Last weekend I found context and support enough to come all the way home to my body again. In the arms of lover earth, with the help of psychedelic medicine, somatic sexual wellness, a well-guided temple of courageous companions, and a life full of loving friends, I finally laid still and remembered my infant body being helpless, violated and overwhelmed. I could feel my own embodied kinship with the suffering of lover earth, and all the many beings suffering upon it. I could be present with suffering, because I know I am not alone.

We each have a singular story of suffering, and we belong to a biosphere where there is so much suffering. By knowing we are not alone in it, we can each learn to hold our own in it. Together, we can be present with suffering; we can make it our own.

There is an actual neuroendocrine experience of embodied unity, and we can weave it. Loving relationships, counternormative understandings, somatic practices and psychedelic medicines all help unite us in the experience of embodied love.
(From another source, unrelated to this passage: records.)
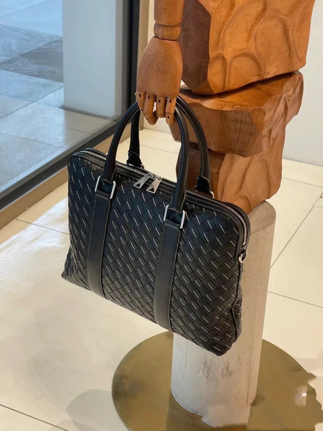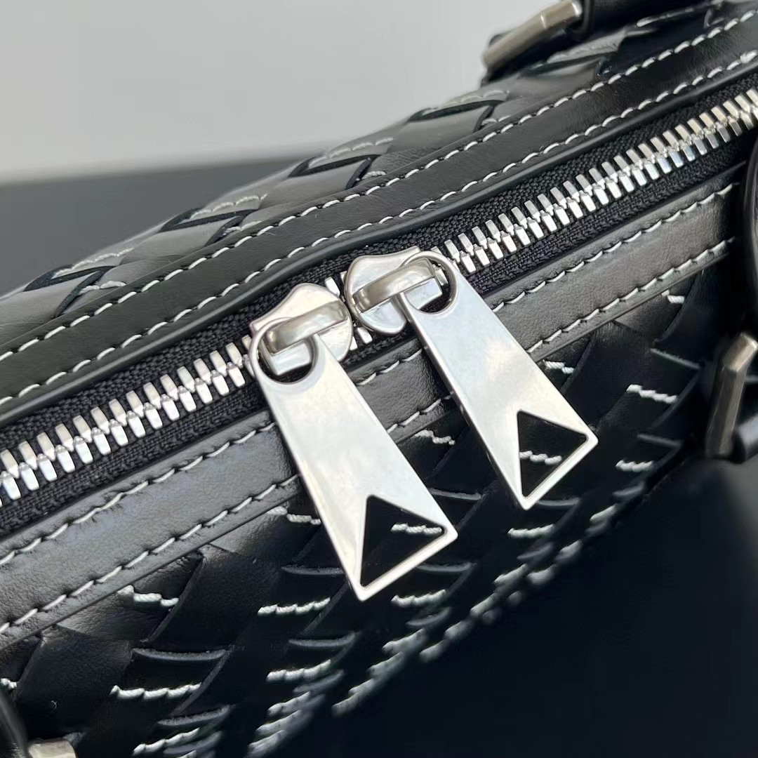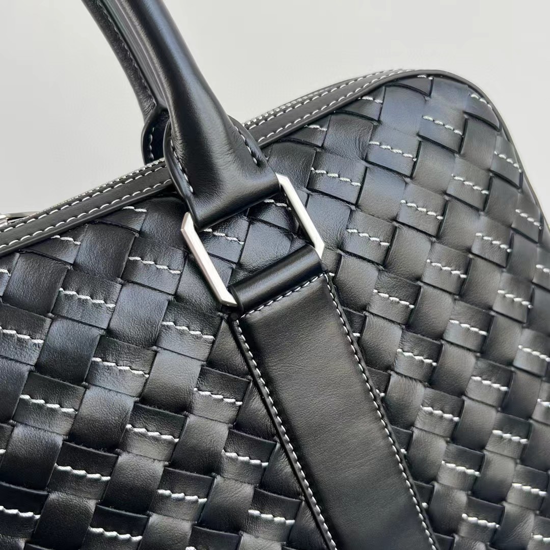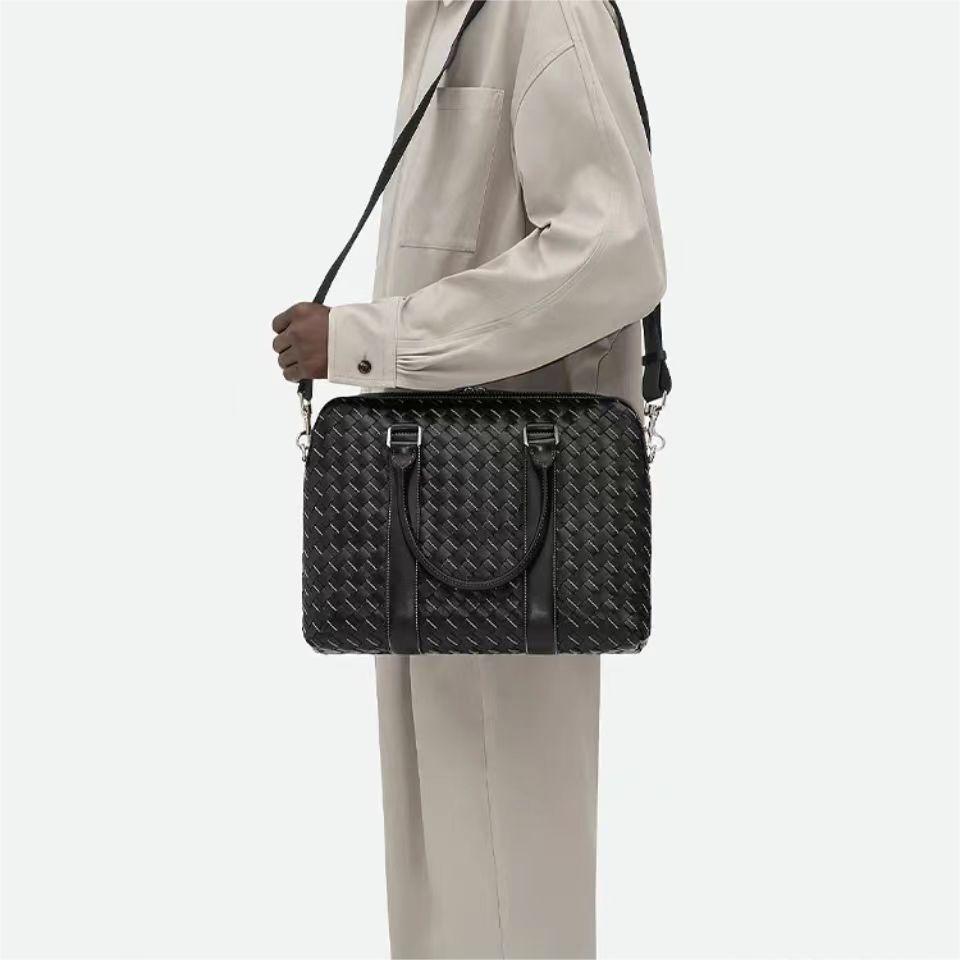 【介绍】 新款男士缝线公文包。编织是BV logo性的标识 极具品牌特色 采用进口牛皮编织 拉链开合 内里大容量 加拉链口袋 实用功能设计 缝线编织搭配 尽显时尚休闲 肩带可随意拆卸 可斜挎可手拎 休闲商务都能兼顾 稳重不失时尚感。
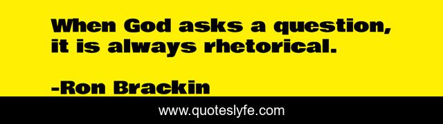 This page presents the quote "When God asks a question, it is always rhetorical.". Author of this quote is Ron Brackin. This quote is about omniscience, god, knowledge,.
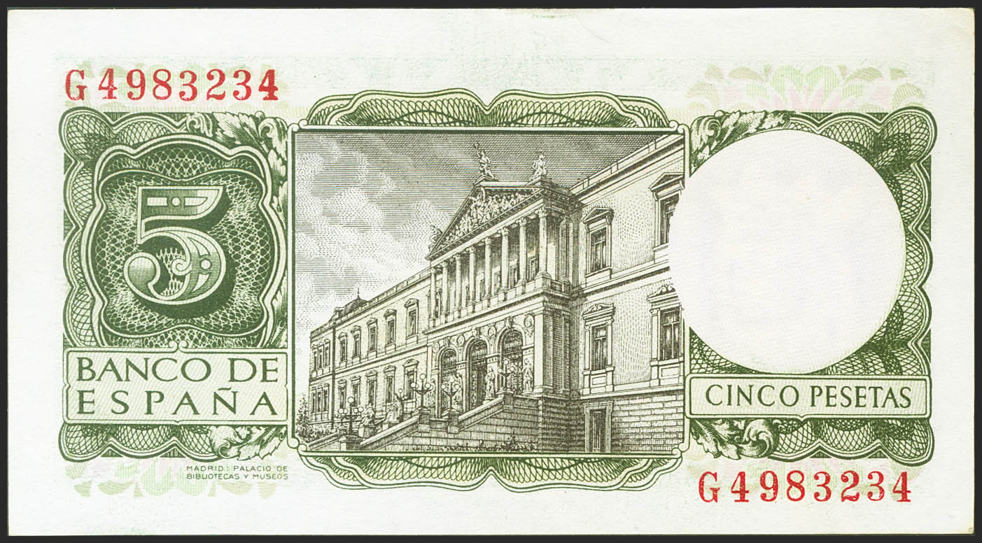 5 Pesetas. 22 de Julio de 1954. Serie G. (Edifil 2021: 466a). Conserva gran parte de su apresto original. EBC+.
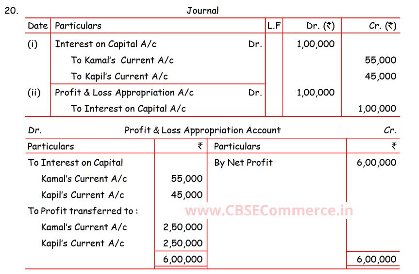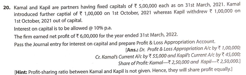 Solution of Question Number 20 of Accounting for Partnership Firms – Fundamentals TS Grewal CBSE 2022-23 Edition
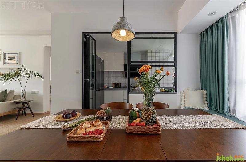 餐廳的餐桌是溫潤(rùn)的胡桃木材質(zhì),可伸縮,根據(jù)就餐人數(shù)自由調(diào)整??ㄗ洗钆涞拇昂熍c客廳的是一致的,前后呼應(yīng)。餐廳看向廚房,家人下廚的身影,日常的對(duì)話,都是生活點(diǎn)滴中的幸福。
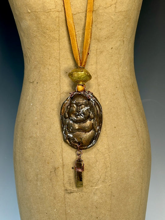 CLAY BUDDHA PENDANT LONG NECKLACE WITH DEER SUEDE LCN914
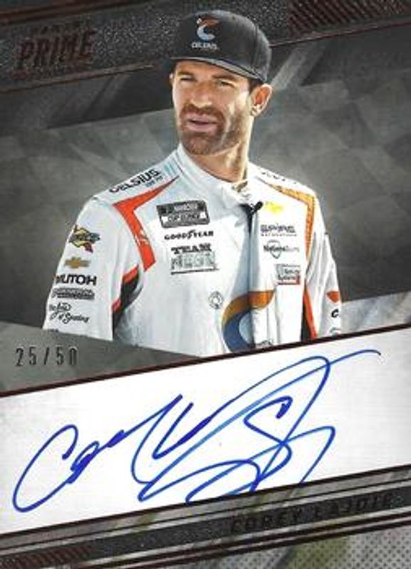 The Corey LaJoie 2023 Panini Prime #PS-CLJ Prime Signatures - Red /50 card is 1 of 51 Corey LaJoie's card variations in the 2023 Panini Prime set being tracked by Sports Card Investor, including Base /49, Holo Gold /25, Holo Silver /10, Purple /5, and Holo Platinum Blue /1.
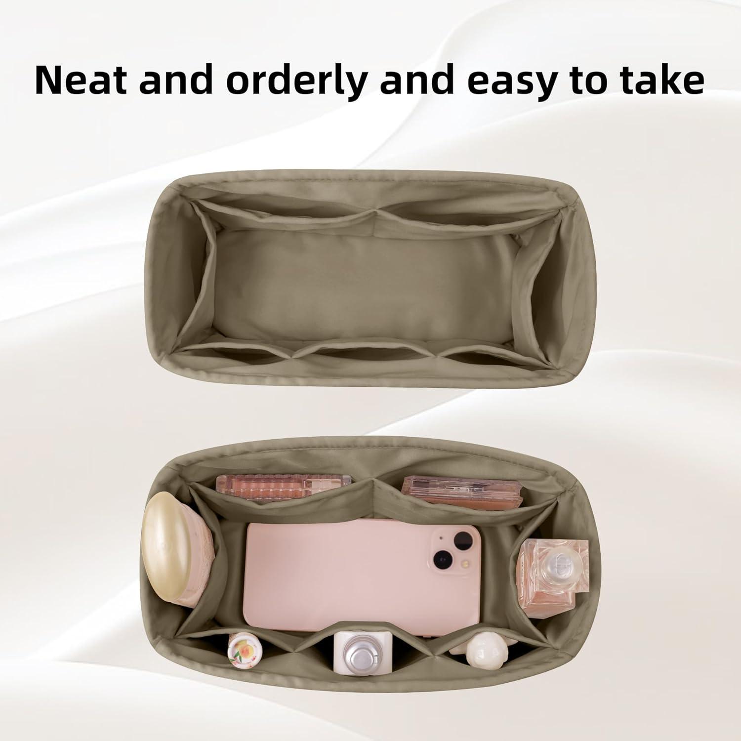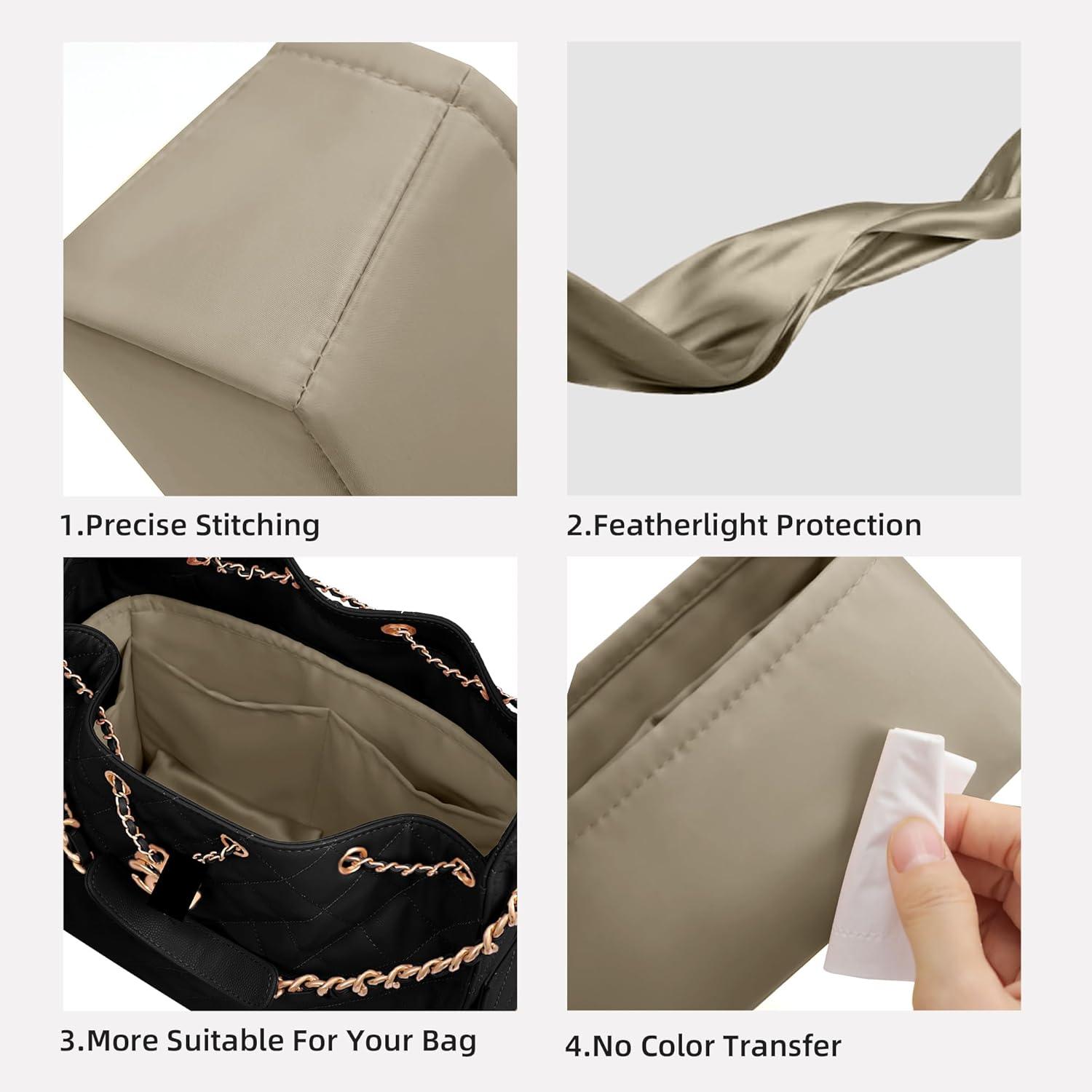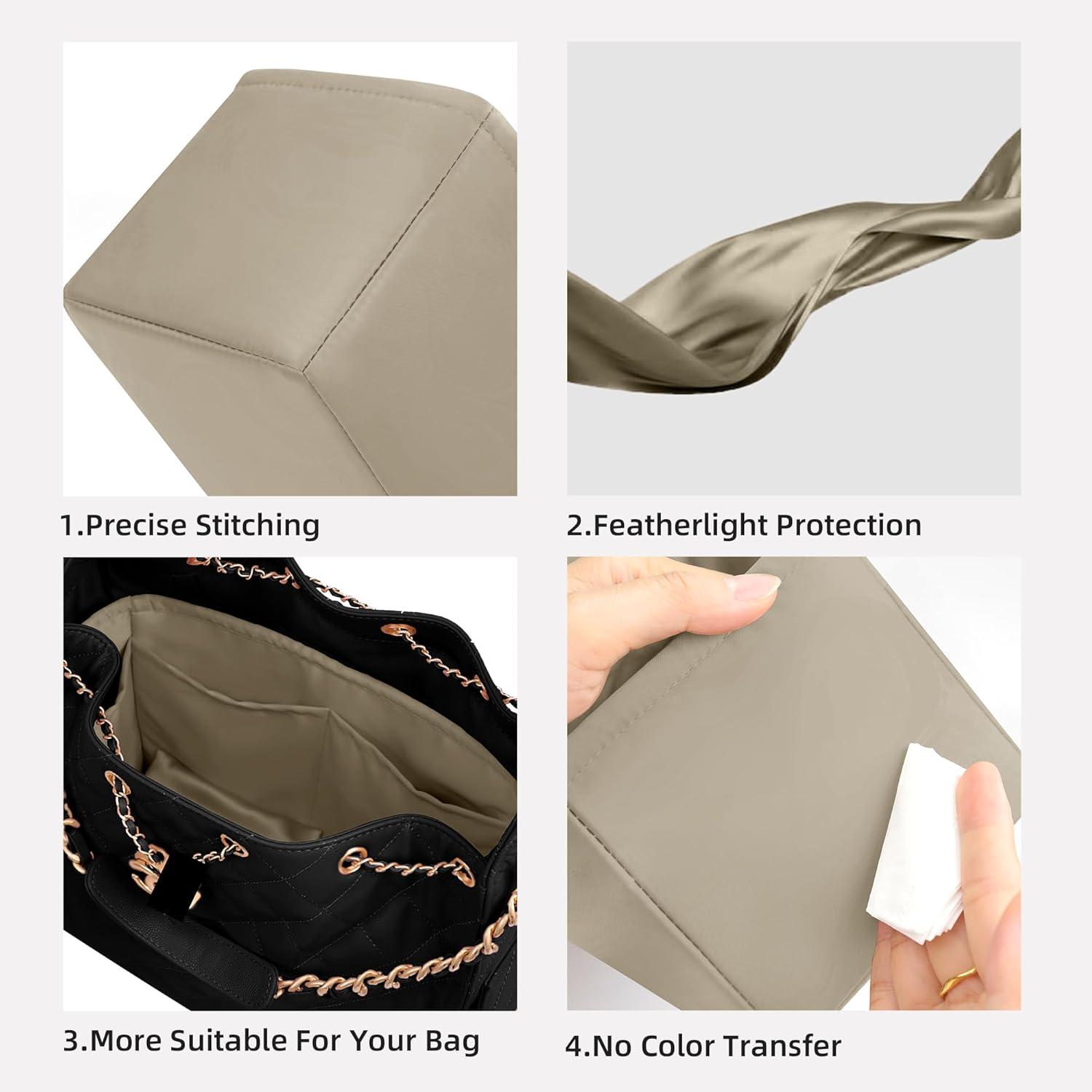 DGAZ Silk Purse Organizer Insert Fits Chanel 25 Handbags,Silky Smooth Bag Organizer,Luxury Handbag & Tote Shaper(Black,Small)(Gris Tourterelle)
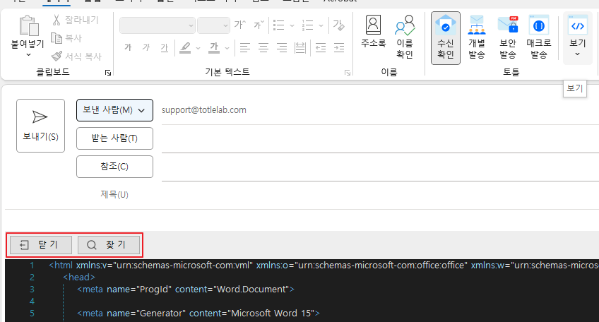 아웃룩에서 전송하려고 하는 이메일의 HTML 코드를 전체 복사합니다.
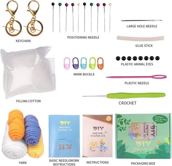 • Complete Kit: Crochet kit with all the accessories you need. Contains yarn, crochet hook,keychain, stuffing, needles, eyes, marker clasps, detailed instructions, and step-by-step video tutorials. Ideal for beginners, whether adult or kid.
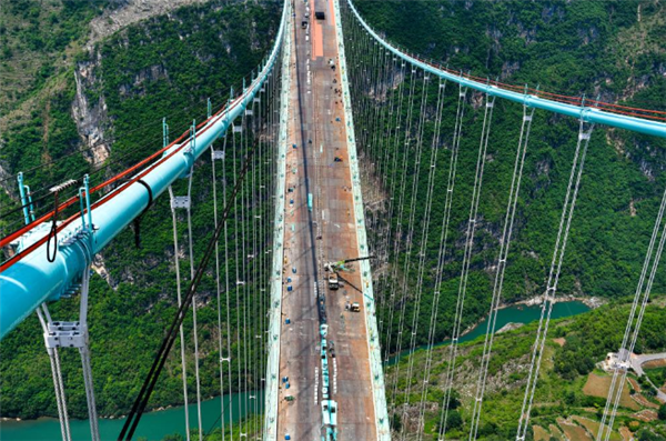 作为贵州六安高速公路的控制性工程,花江峡谷大桥全长2890米,桥墩最大高度262米,主桥跨径1420米,于2022年1月正式开工。这座钢桁梁悬索桥建成后,将以桥面距江面625米的高度成为新的世界第一高桥。目前,大桥主桥下构、引桥、索鞍、主缆系统、钢桁梁等核心工程已全部完工,施工人员正全力推进护栏安装、桥面铺装及观光电梯等收尾工作。
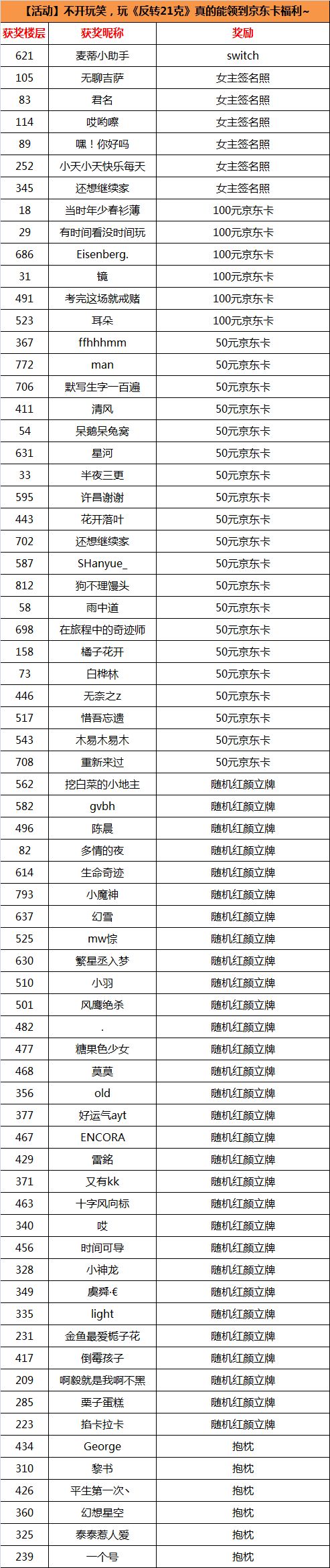 1、中奖楼层仅供参考,以实际昵称为主;

In love, over time, we can ease out of our atomizing contractions and isolating collapses. We can reach back in time, to hold the suffering of human and more-than-human ancestors. We can reach forward in time, to hold the suffering of generations to come. Together, we can discern the nested rhythms. Extremes of agony and ecstasy can be held, with embodied presence, inside of long arcs of subtle arousal, sustained support, and gentle peace.